I rode one of them back in '98 when they were almost new...still have a cup and saucer the first class attendant gave me in my collection.


----------



## caravanman (Sep 13, 2018)

jis said:


> They are being sold for scrap, in general.


Indeed, just wondered why the two exceptions in the video were being left to rot...

Ed.


----------



## cirdan (Sep 13, 2018)

It's not that uncommon actually for individual examples of withdrawn classes to be retained a little longer.

In some cases because there may be a speculative plan to use them for something, which them tyxpically never comes to fruition.

Departmental use for example, or maybe even returned to passenger service for some reason.

Maybe even a preservation bid of some sort.

Or just something like a one -ime use in a fire brigade or rescue exercise for a simulated crash.

You might not want to use a normal train for that because the extrercise might involve actually setting fire to it, or curring holes in the sides of the carriages.

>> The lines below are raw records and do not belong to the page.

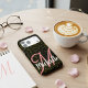 Step into luxury with the Chic Gold Glitter Black Personalized Pink Monogram Case-Mate iPhone Case.
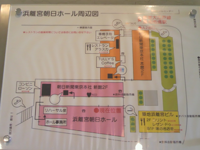 浜離宮朝日ホールのある区域は、3つの大きな建物から構成されているため、入り組んでいますが案内図に基づき、移動ができます。
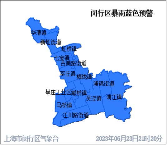 上海市闵行区气象台2023年6月23日21时20分发布暴雨蓝色预警信号:
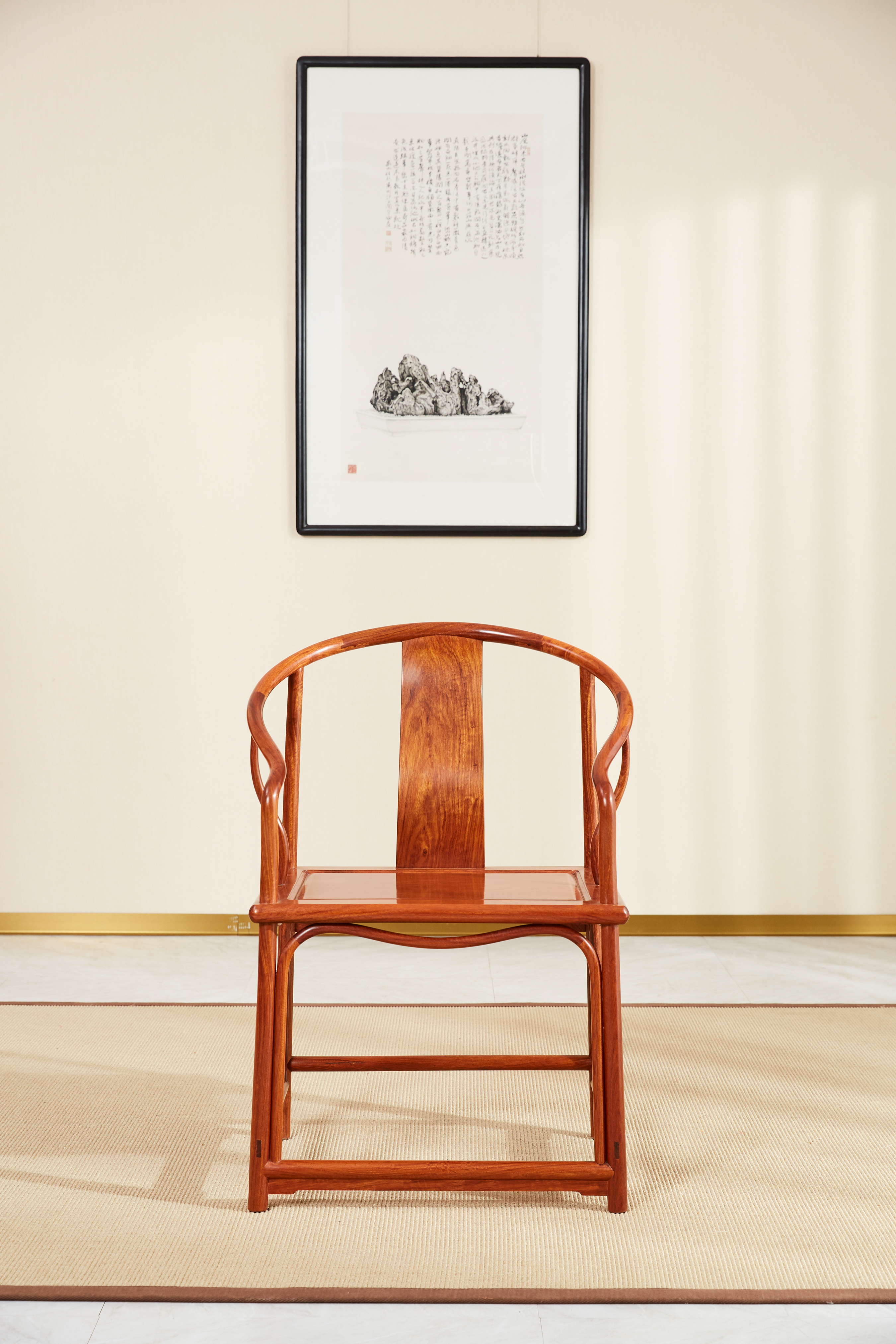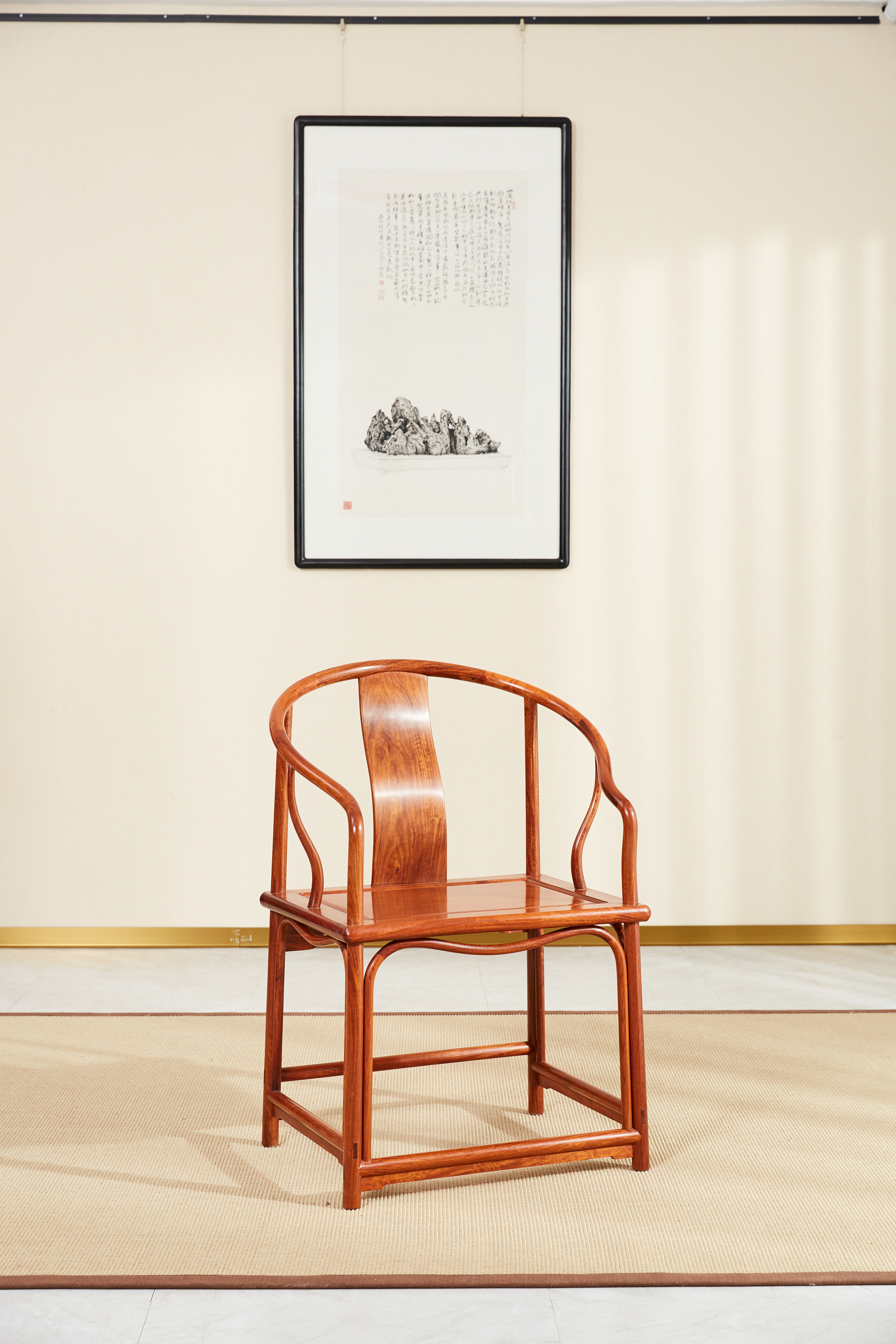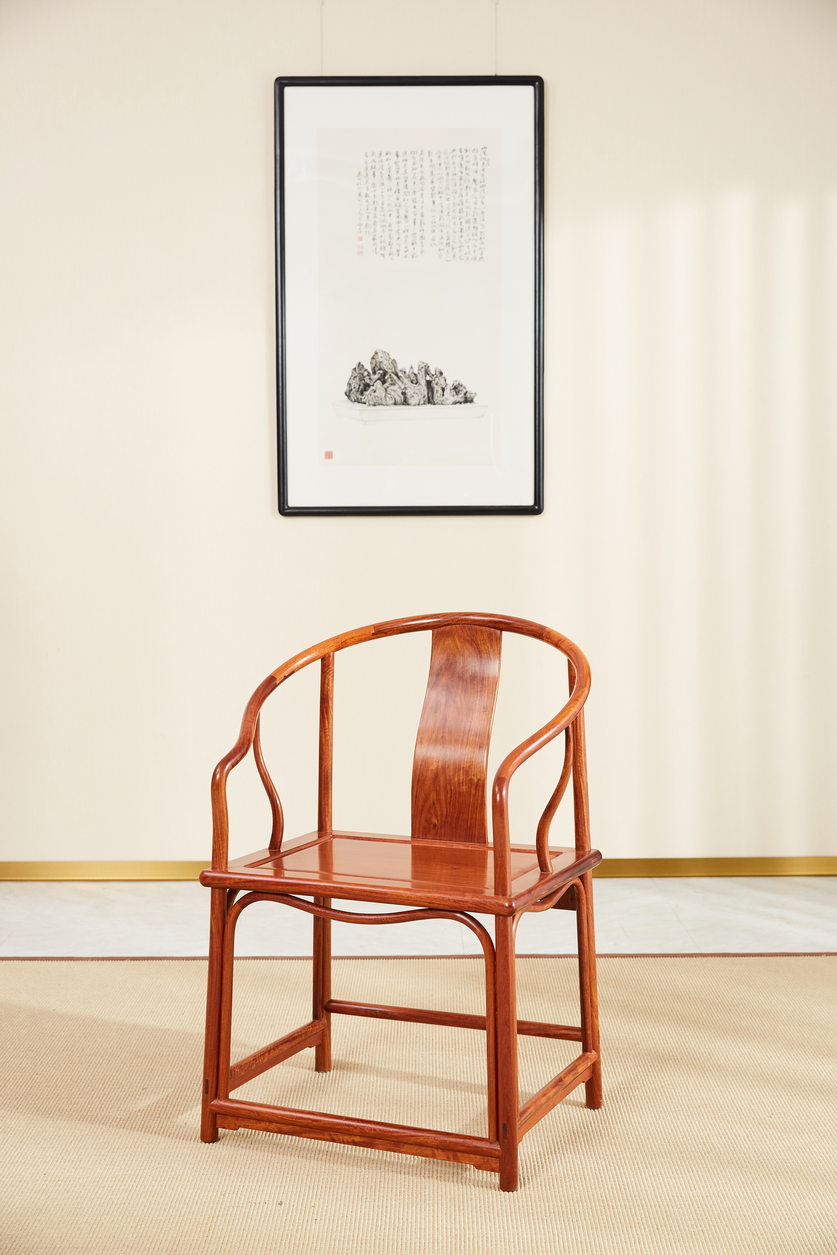 王世襄先生说,明式圈椅多用圆材,扶手不出头,而与鹅脖相接的少见,垂手圈椅即是不出头圈椅,明代已被广泛使用,2015年3月,锦瑟年华——安思远私人珍藏拍卖上,这对垂手圈椅成交价不含佣金,约合人民币1639万元,印证了其极高的艺术价值,圈椅极简,借古典家具研究学者,谭向东先生的说法,为有设计感的逸品,此器为安思远先生挚爱,摆在其公寓前厅,与潘天寿大师的《满堂清芳》相得益彰。
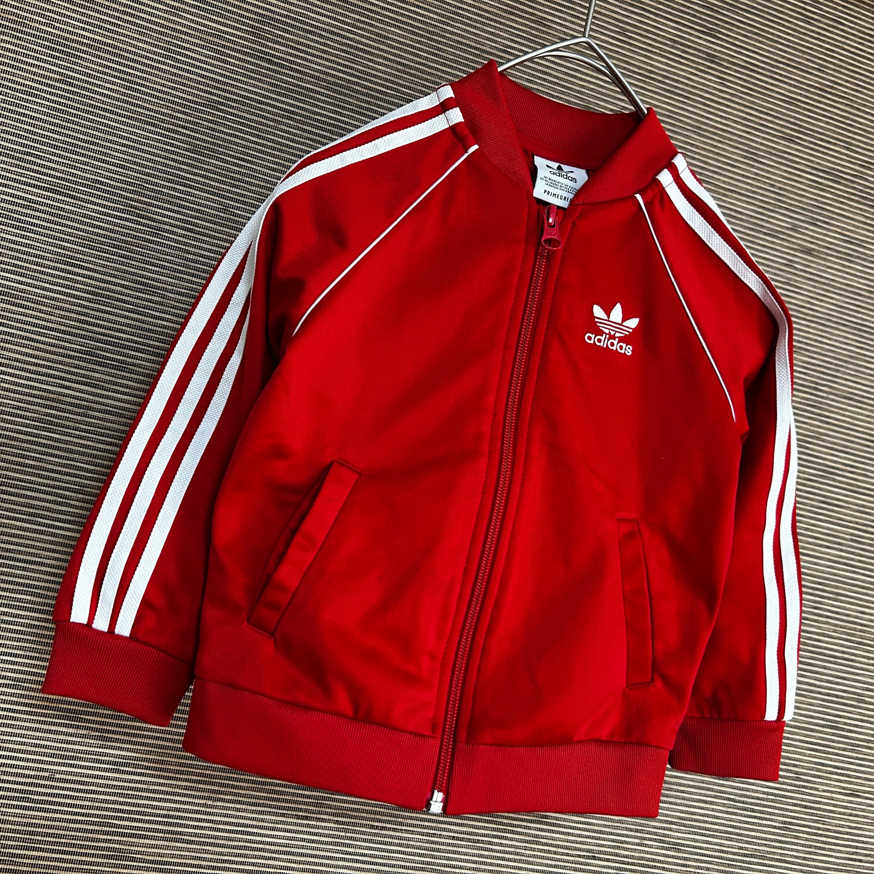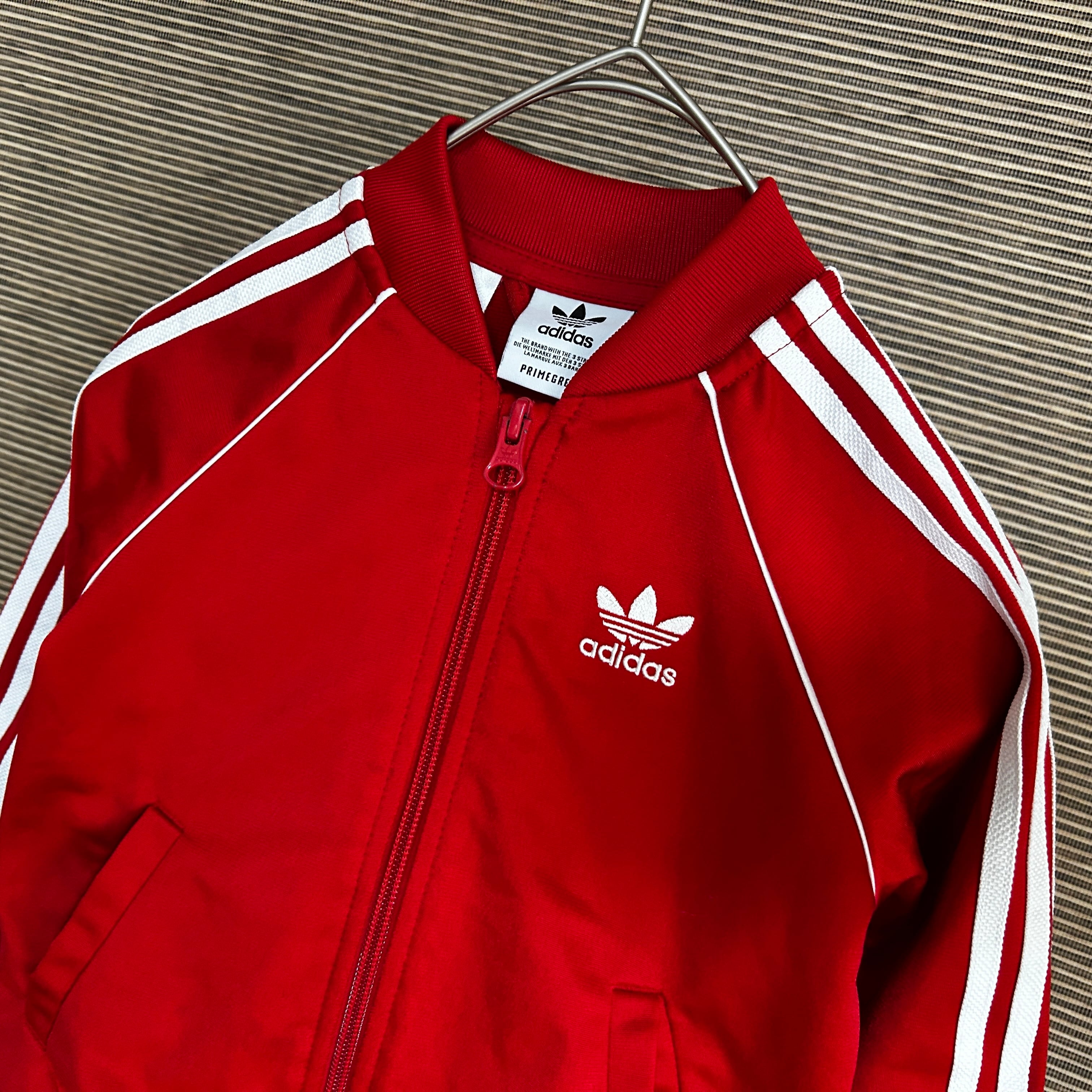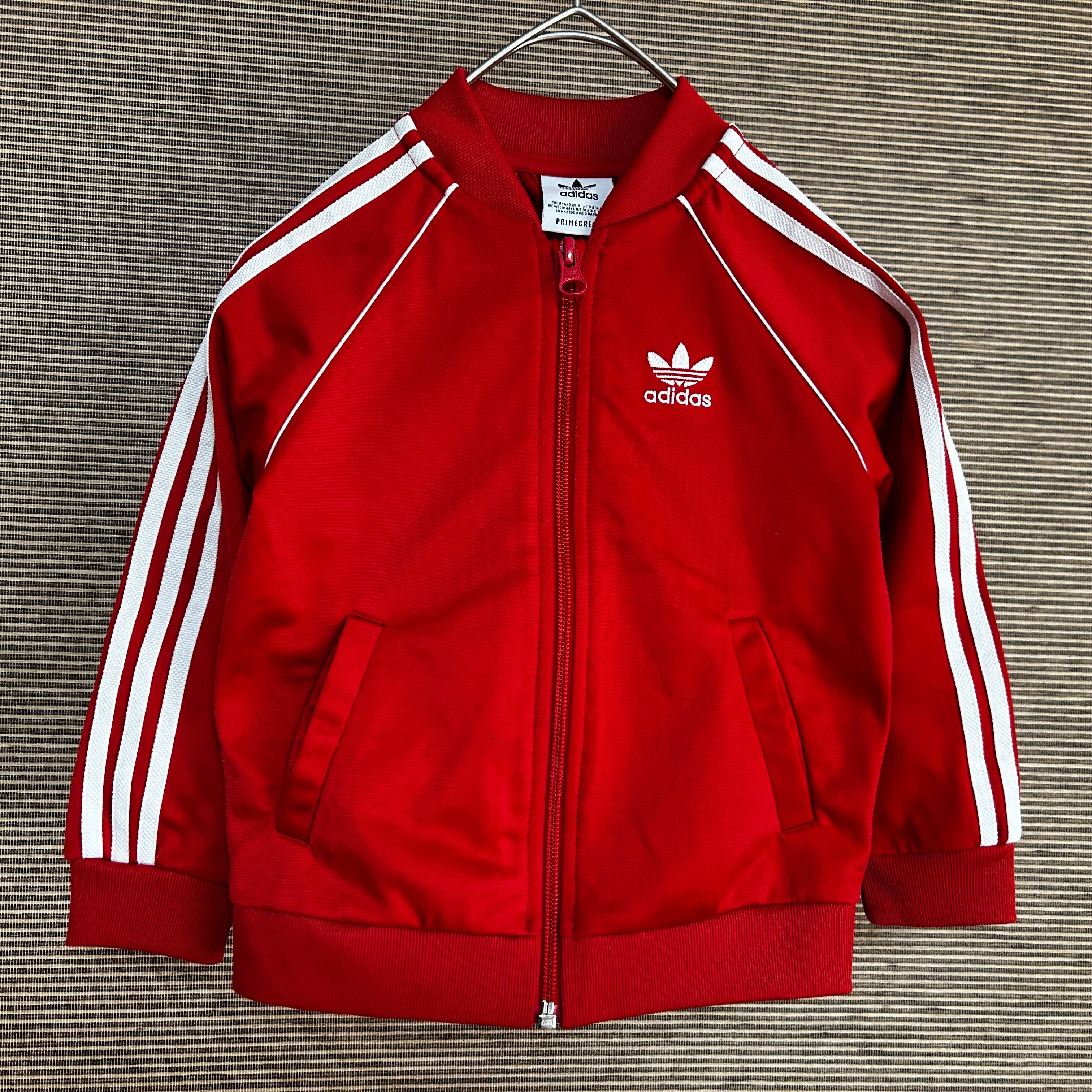 アディダス ジャージトラックジャケットSST子供90ベビー 赤白刺繍N 古着 キッズ スーパースター ワンポイントロゴトレフォイル
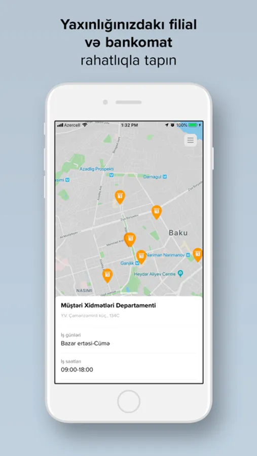 - Bankın xidmət şəbəkəsi üzrə məlumat: filiallar, ATM-lər, Expresspay terminallar
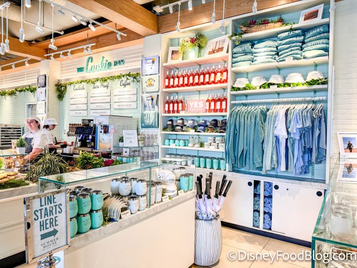 This section of the restaurant is also home to the merchandise display. You can buy Summer House items like sunglasses, shirts, bottles, and more!
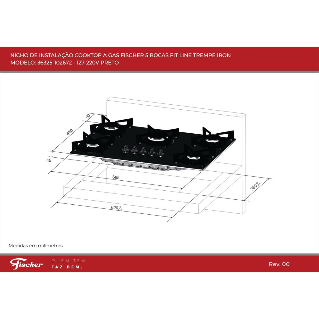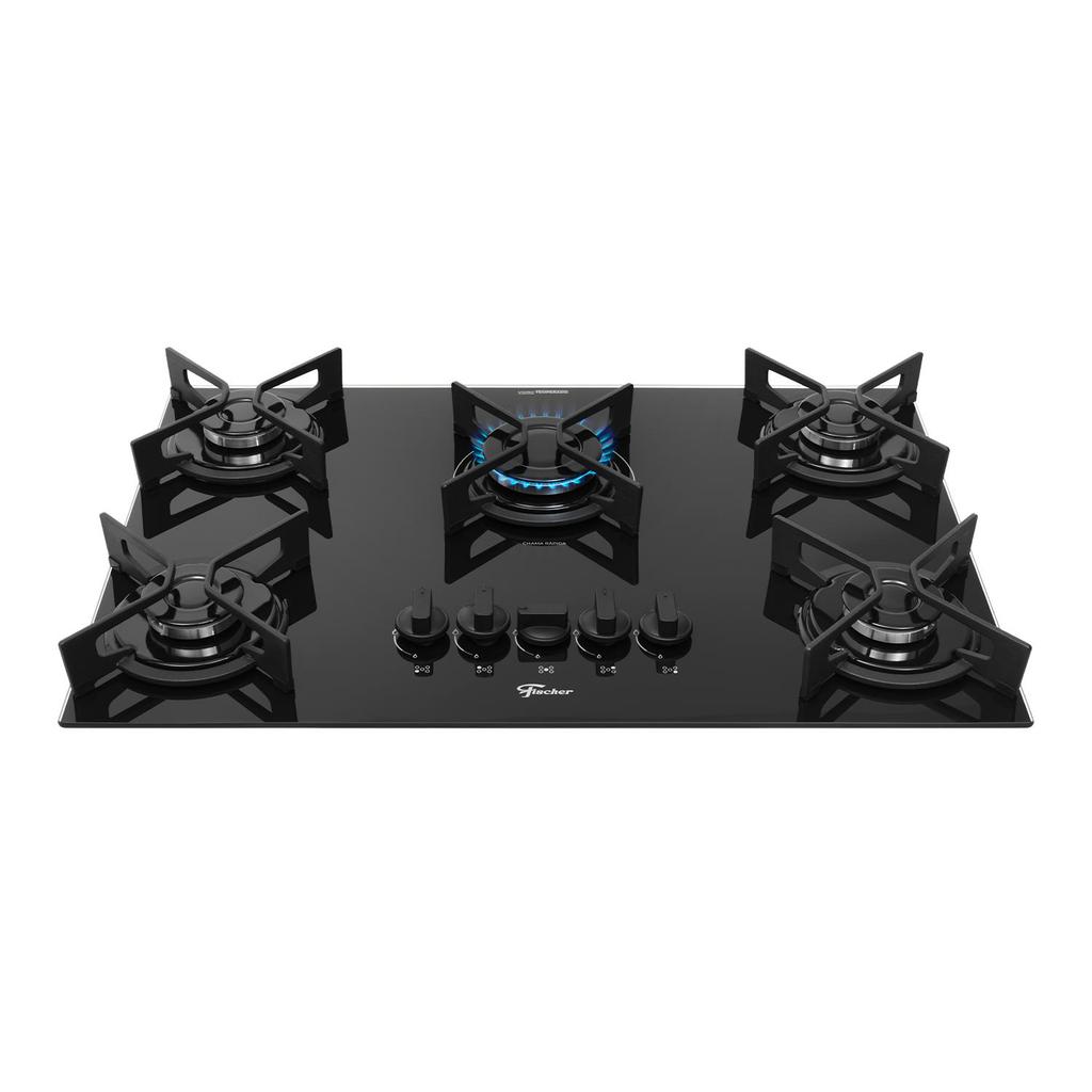 Cooktop Fischer Fit 5 Bocas Preto Bivolt Eficiente e Moderno com Grades de Ferro Resistente
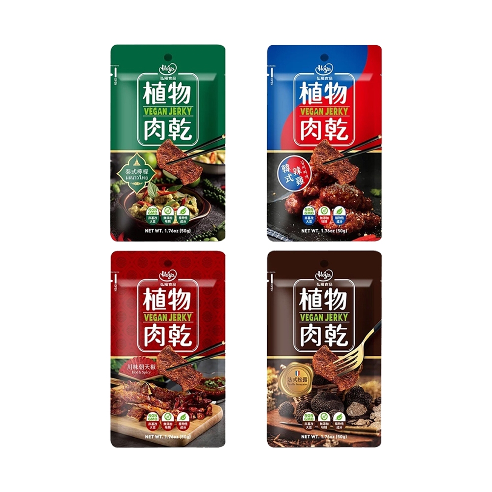 | 品名 | 【HOYA弘陽食品】(15包組)植物肉乾 素肉乾50g/包_台式鹹酥雞/韓式辣雞/泰式檸檬/法式松露/川味朝天椒 |
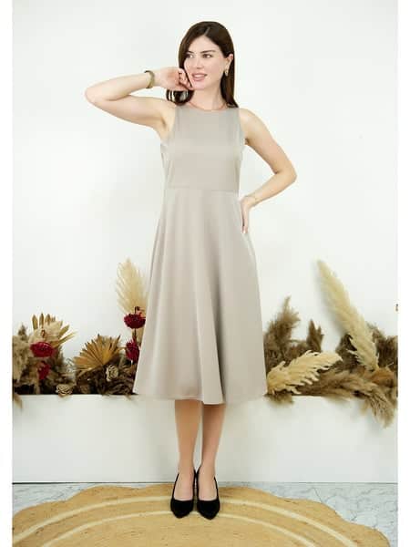 Exude Golden Glow Satin Dress with Pockets (Beige)
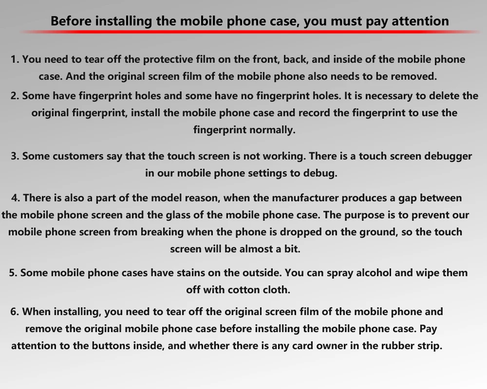 Примечание: поскольку этот мобильный телефон чехол имеет переднее стекло, он уже очень хорошо защищал мобильный телефон, поэтому я предлагаю вам не использовать другие закаленные пленки на его поверхности, потому что это может повлиять на его использование.

But after a couple of years of being left to the elements and to the vandals, that option becomes unviable.


----------



## Devil's Advocate (Sep 13, 2018)

caravanman said:


> jis said:
> 
> 
> > They are being sold for scrap, in general.
> ...


I suppose it could be an unexpected failure at an inopportune location but it's hard to know without more information. Scrapping companies generally operate on slim margins and scrapping schedules are sometimes adjusted because of market changes and pricing pressures. If a given design is made of materials that are not as desirable as some other recycling process then the less desirable material will be sidelined to make way for other more profitable recycling tasks. If the value of the depressed material does not rebound relative to other recycling tasks a defunct conveyance may end up sitting around for years slowly wasting away.


----------